3.completeTransactionAfterThrowing是在原方法调用后报错进行rollback,跟begin注册事务的方式几乎一模一样,都是使用TMclient向TC发出rollback请求,此处省略。
4.commitTransaction是在原方法调用成功后进行commit,跟begin注册事务的方式几乎一模一样,都是使用TMclient向TC发出commit请求,此处省略。
5.cleanUp是在事务模板执行后进行清扫现场的方法,目的是对保存在ThreadLocal中的事务钩子进行清除。
AT-TM端总结
AT-TM端对打上事务注解的方法使用了动态代理,将原方法封装成事务模板进行执行,是事务的注册到事务的提交或回滚的发起方。可以说AT-TM端生于spring,也对spring的事务处理进行增强。
AT-RM端分析
AT-RM端的实现思想比较巧妙,是通过自上而下的动态代理数据库相关类(Database、Connection、Statement),在原方法执行过程中对sql的执行进行拦截处理。
首先AT-RM端会将原DataSource进行代理形成DataSourceProxy,这样可以通过DataSourceProxy从原DataSource获取Connection进行代理形成ConnectionProxy,最后可以通过ConnectionProxy获取Statement进行代理形成StatementProxy。
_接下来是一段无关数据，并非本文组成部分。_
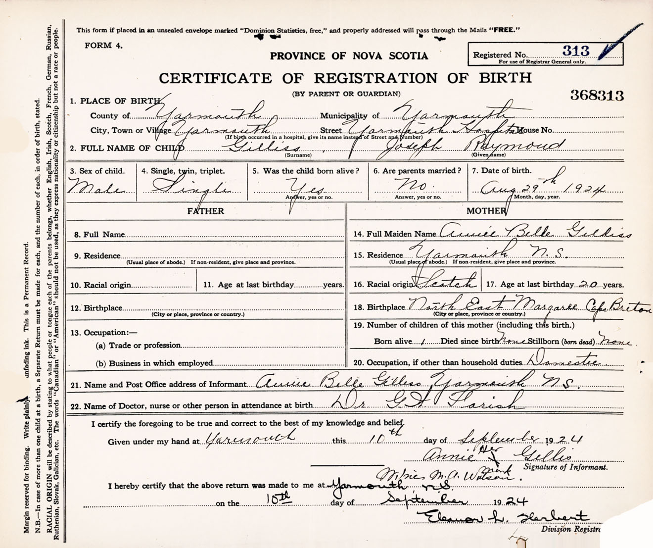 Date of Birth August 29, 1924 Place of Birth YarmouthCounty of Yarmouth
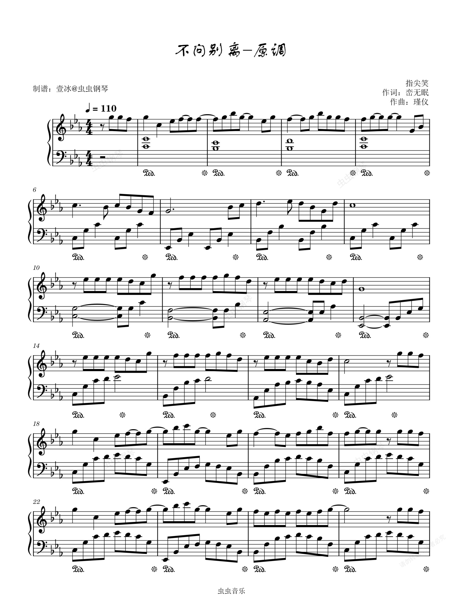 钢琴谱:【国风音韵】不问别离//指尖笑 简单易上手 完整-原调
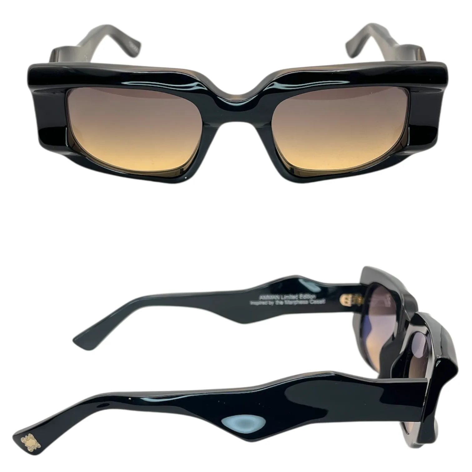 Montatura nero lucido lente marrone sfumato ocra

由ConnectionProxy与StatementProxy接管sql的执行与全局事务的处理。
@Bean
public DataSourceProxy dataSourceProxy(DataSource dataSource) {
return new DataSourceProxy(dataSource);
}
@Override
public ConnectionProxy getConnection() throws SQLException {
Connection targetConnection = targetDataSource.getConnection();
return new ConnectionProxy(this, targetConnection);
}
@Override
public Statement createStatement(int resultSetType, int resultSetConcurrency) throws SQLException {
Statement statement = targetConnection.createStatement(resultSetType, resultSetConcurrency);
return new StatementProxy<Statement>(this, statement);
}
直接进入StatementProxy,可以看到里面的方法都是使用了ExecuteTemplate执行模板进行处理,比如executeUpdate方法。
@Override
public int executeUpdate(String sql) throws SQLException {
this.targetSQL = sql;
return ExecuteTemplate.execute(this, (statement, args) -> statement.executeUpdate((String) args[0]), sql);
}
可以看到ExecuteTemplate.execute会区别对待不同的sql类型,生成不同的Executor,最后调用Executor的execute方法执行sql。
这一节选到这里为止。